* _Data below_
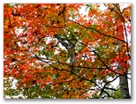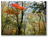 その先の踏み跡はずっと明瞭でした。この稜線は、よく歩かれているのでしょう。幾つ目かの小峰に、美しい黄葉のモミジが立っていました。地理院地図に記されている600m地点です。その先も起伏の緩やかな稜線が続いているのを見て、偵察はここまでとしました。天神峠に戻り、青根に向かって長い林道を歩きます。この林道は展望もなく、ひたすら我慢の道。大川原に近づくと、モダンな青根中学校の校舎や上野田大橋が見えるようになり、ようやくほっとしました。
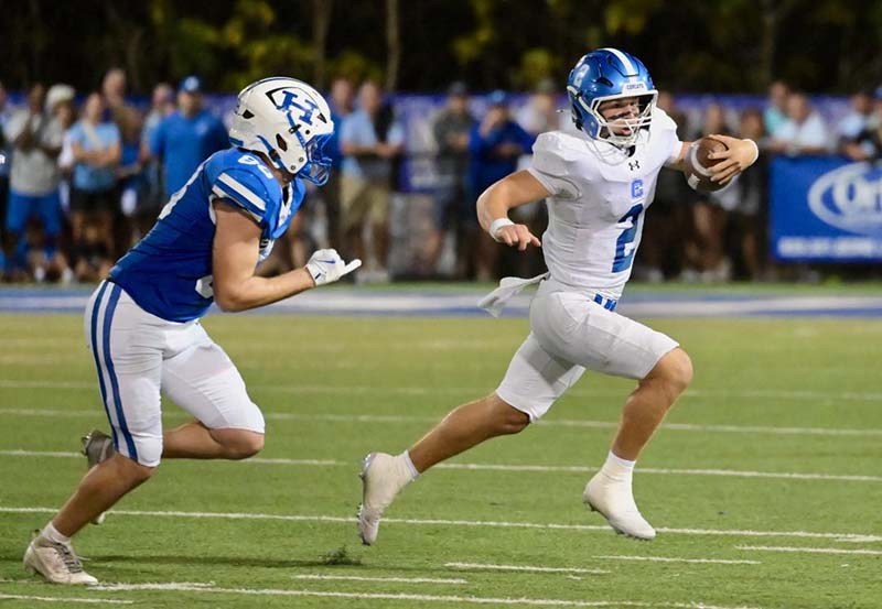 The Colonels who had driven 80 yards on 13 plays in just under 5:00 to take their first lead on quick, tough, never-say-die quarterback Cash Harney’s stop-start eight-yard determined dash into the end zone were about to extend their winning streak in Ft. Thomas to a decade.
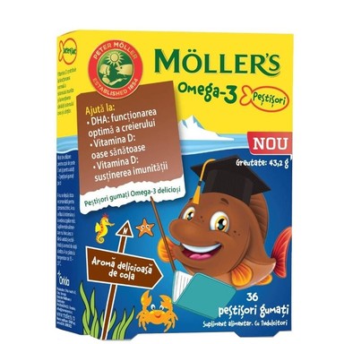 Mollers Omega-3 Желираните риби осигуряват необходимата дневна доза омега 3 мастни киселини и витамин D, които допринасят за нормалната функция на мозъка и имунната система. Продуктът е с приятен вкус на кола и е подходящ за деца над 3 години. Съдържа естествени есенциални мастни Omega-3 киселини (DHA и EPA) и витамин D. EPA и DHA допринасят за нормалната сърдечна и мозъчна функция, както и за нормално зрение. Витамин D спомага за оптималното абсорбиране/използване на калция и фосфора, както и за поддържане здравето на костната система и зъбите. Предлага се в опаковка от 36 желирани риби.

* _Exercise description_
Send back every line of the listing exactly. Omit the images.

* _Result_
 その先の踏み跡はずっと明瞭でした。この稜線は、よく歩かれているのでしょう。幾つ目かの小峰に、美しい黄葉のモミジが立っていました。地理院地図に記されている600m地点です。その先も起伏の緩やかな稜線が続いているのを見て、偵察はここまでとしました。天神峠に戻り、青根に向かって長い林道を歩きます。この林道は展望もなく、ひたすら我慢の道。大川原に近づくと、モダンな青根中学校の校舎や上野田大橋が見えるようになり、ようやくほっとしました。
 The Colonels who had driven 80 yards on 13 plays in just under 5:00 to take their first lead on quick, tough, never-say-die quarterback Cash Harney’s stop-start eight-yard determined dash into the end zone were about to extend their winning streak in Ft. Thomas to a decade.
 Mollers Omega-3 Желираните риби осигуряват необходимата дневна доза омега 3 мастни киселини и витамин D, които допринасят за нормалната функция на мозъка и имунната система. Продуктът е с приятен вкус на кола и е подходящ за деца над 3 години. Съдържа естествени есенциални мастни Omega-3 киселини (DHA и EPA) и витамин D. EPA и DHA допринасят за нормалната сърдечна и мозъчна функция, както и за нормално зрение. Витамин D спомага за оптималното абсорбиране/използване на калция и фосфора, както и за поддържане здравето на костната система и зъбите. Предлага се в опаковка от 36 желирани риби.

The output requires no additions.